Si l’on observe les changements sur la région de la plaine de Séno, cette région du Mali, entre la décennie 1950 et aujourd’hui, rien n’est pareil, les paysages ont profondément changé, les grands arbres ont disparu. Mais ces transformations ne peuvent pas être qualifiées de désertification. La disparition des grands arbres aujourd’hui est révélatrice du passage d’un système agroforestier à un autre. C’est un choix des habitants qui ont éliminé les grands arbres dont les espèces n’ont plus d’utilité pour eux, et ont laissé poussé (en les sélectionnant dans les champs) de nouvelles espèces qui leur rendent d’autres services, et qui étaient en 2010 au stade d’arbustes. C’est processus sont la résultante des transformations sociales et économiques.
Q : Pourquoi, selon vous, est-il important de regarder les déserts avec un filtre différent que celui du narratif de la désertification ? Qu’est-ce que cela va permettre ?

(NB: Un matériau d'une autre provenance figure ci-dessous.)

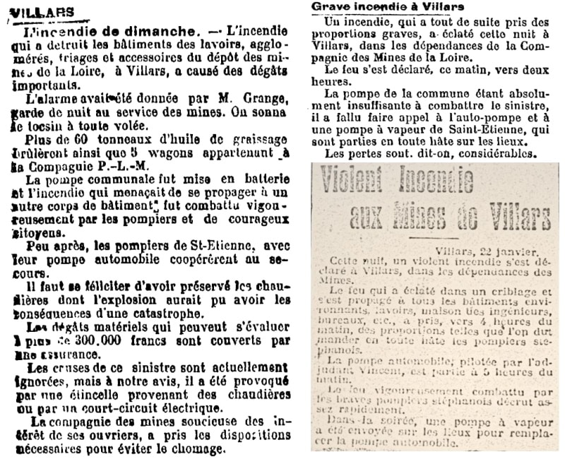 « Villars brûle-t-il ? C’est en janvier 1911 qu’un incendie dont les flammes atteignaient 30 mètres de hauteur, ravagea le criblage et les lavoirs de la Société anonyme des Mines de la Loire. Ce dépôt était situé rue du Breuil à Villars. C’est ici que le charbon était lavé puis trié et aussi expédié par wagons. Il y avait une usine de fabrication de briquettes et un grand parc à bois. Plus de 500 personnes étaient employées pour ces travaux (*). À la suite de cet incendie le Préfet de la Loire devait dissoudre la section des pompiers de Villars ».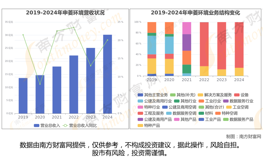 数据显示(如上图),申菱环境2024年营业收入为30.16亿,同比增长20.11%,近5年复合年增长率19.74%。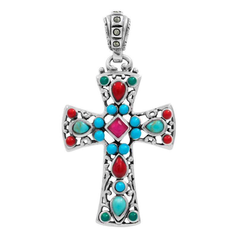 Dije Cruz Grande Plata 925 Piedra Natural Zirconia 4.3 Cm Fucsia
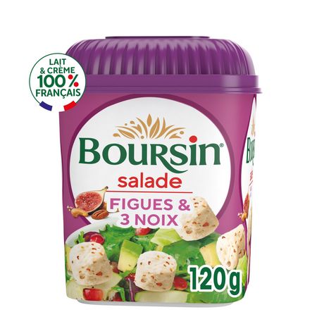 Retrouvez l'incontournable fromage Boursin® Figues et 3 Noix dans des petits dés de fromage. Une recette irrésistible alliant le croquant de la noix au goût délicieusement fruité de la figue parfaite pour des salades gourmandes. Préparées avec du lait et de la crème 100% français, ces bouchées fromagères généreuses sont un succès garanti !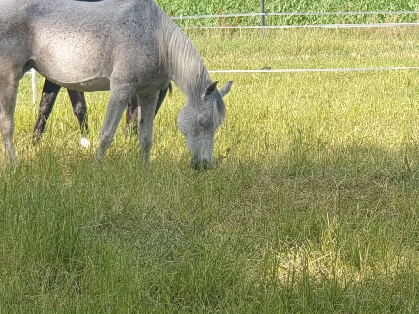 At 16 years old and 153 cm tall, she is fully rideable and ideal as a reliable leisure partner. She is affectionate, friendly and respectful - both with people and within the herd, where she ranks in the middle of the pack. She is flexible in terms of husbandry: She is familiar with open stables with 24/7 hay as well as a box with paddock access and feels comfortable in both. In terms of health, she is currently barehoof (previously shod at the front).

Si je questionne le postulat de la désertification, c’est qu’avec des postulats erronés, on trouve rarement de bonnes solutions. Comme je vous l’ai dit, si le but est de retrouver les forêts d’il y a 4000 ou 5000 ans, on peut penser que la solution est de replanter des arbres, comme le proposent plein d’ONG bien intentionnées. Mais les arbres ne se mangent pas. Si on crée des forêts, on ne crée pas d’agriculture. C’est intéressant en termes de biodiversité, mais pas forcément pour les familles vivant autour. Je rappelle que le grand barrage vert, qui raisonne selon la même logique, lancé en Algérie a été une catastrophe.
Pensé pour bloquer l’avancée du Sahara vers le nord, il n’arrêtait rien puisque les vents dominants dans cette
région sont du nord vers le sud. Les processus de dégradation observés dans les régions des hautes plaines au nord du Sahara ont d’autres causes que la « remontée » du Sahara.
Le désert n’avance pas, il n’y a pas de justification scientifique à cela. En revanche, s’il y a dégradation des agro-systèmes, il faut comprendre pourquoi sans y attacher cette étiquette fourre-tout de la désertification, pour proposer un remède qui ait des chances d’être efficace.